As you can see in the test case, I am comparing only num_rows() in both tables. So it is not an order of rows issue in joined tables. Even the number of rows doesn't match in the joined tables. When I calculated total_num_rows from 3 tables, that usually doesn't match with the expected total number of rows (7 rows).
Ah OK, sorry about the confusion. Looking into it now
@ahmet-uyar This is indeed a bug on our end but it's not in cudf.

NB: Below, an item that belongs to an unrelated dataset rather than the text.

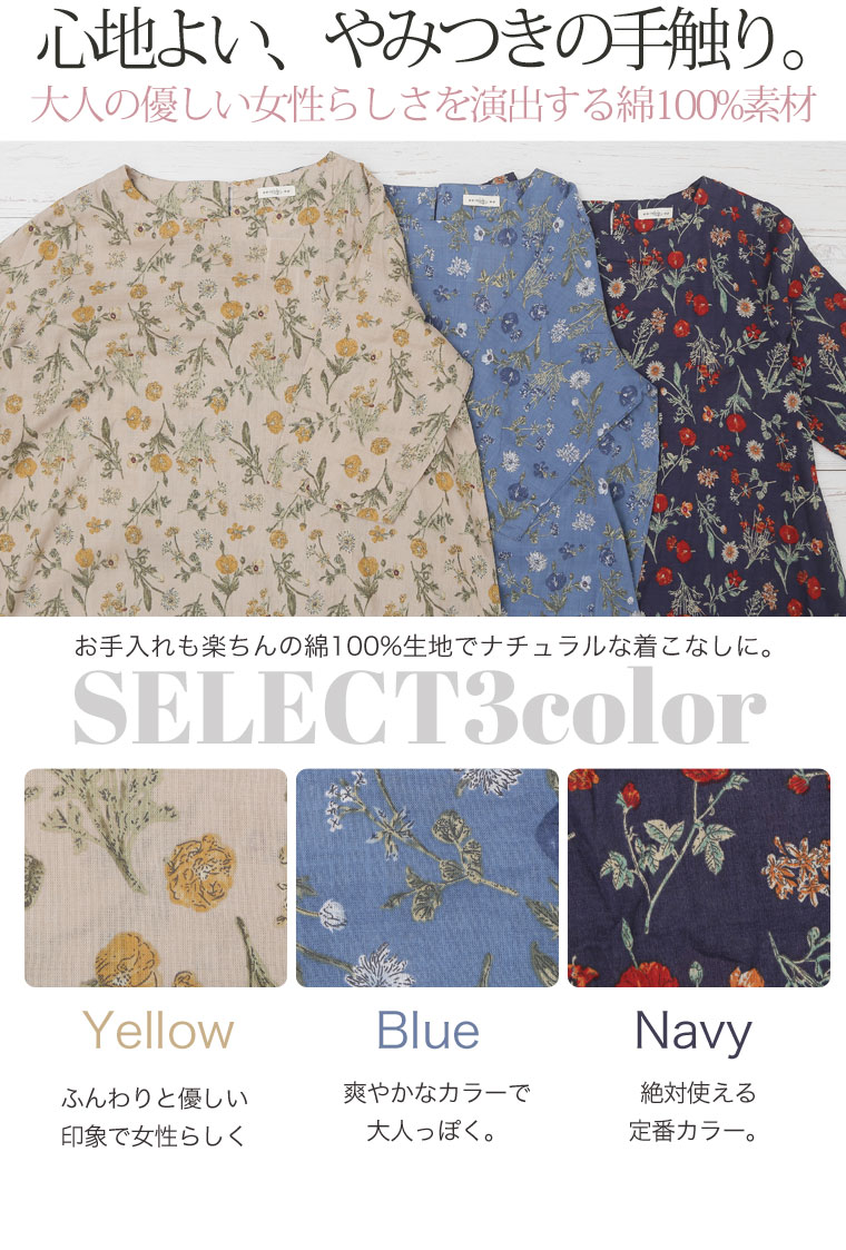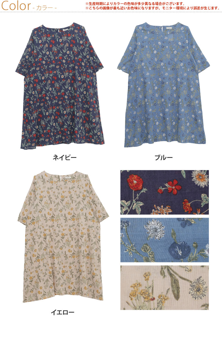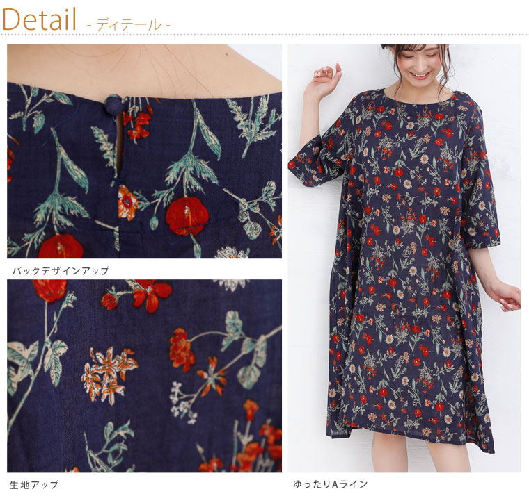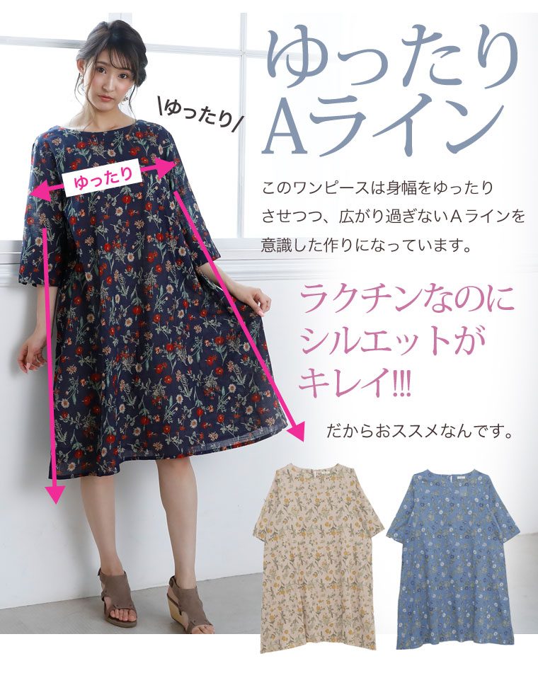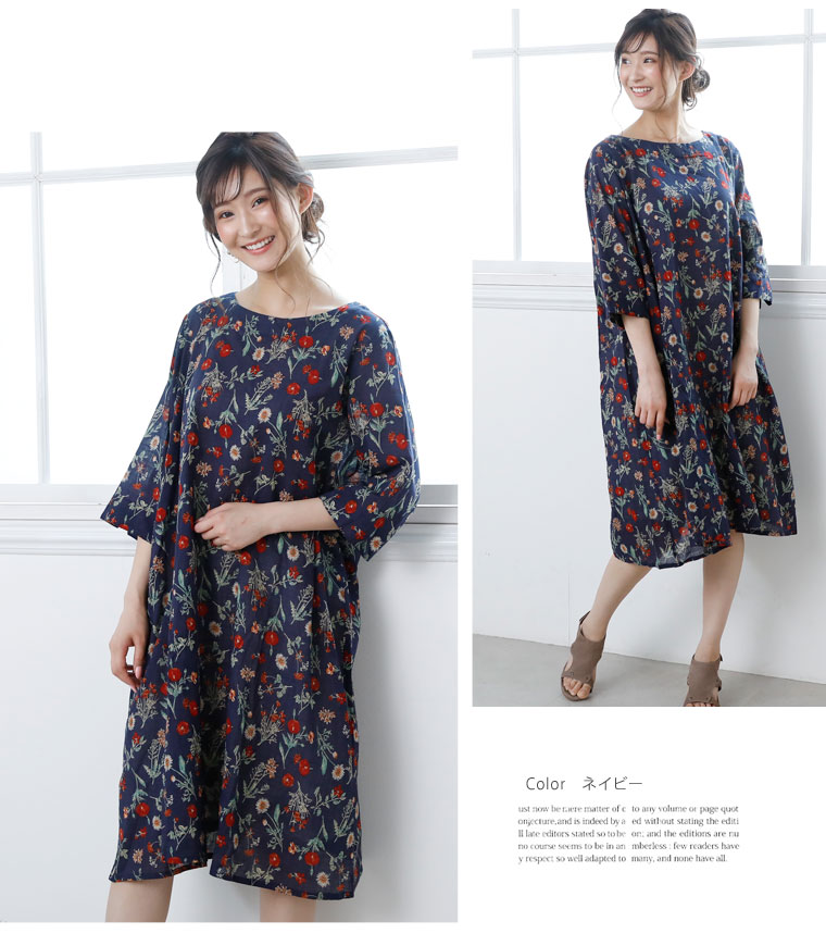 綿100%生地のナチュラル生地で大人可愛く!!ボタニカルプリントワンピース

Long story short, cudf hash join is implemented via cuCollections's static_multimap and two APIs involved in this process, pair_count and pair_retrieve, are not thread-safe. I've opened https://github.com/NVIDIA/cuCollections/issues/566 to track this issue.
Will keep you posted.
Update: https://github.com/rapidsai/cudf/pull/16496 demonstrates that this bug will be fixed once rapids-cmake fetches the fix in https://github.com/NVIDIA/cuCollections/pull/569.
@ahmet-uyar Will let you know once the fix is in place
thanks for the update @PointKernel
@PointKernel should we update rapids-cmake, or are there blockers to adopting the latest cuco?
Close as it's resolved with cuco version bump.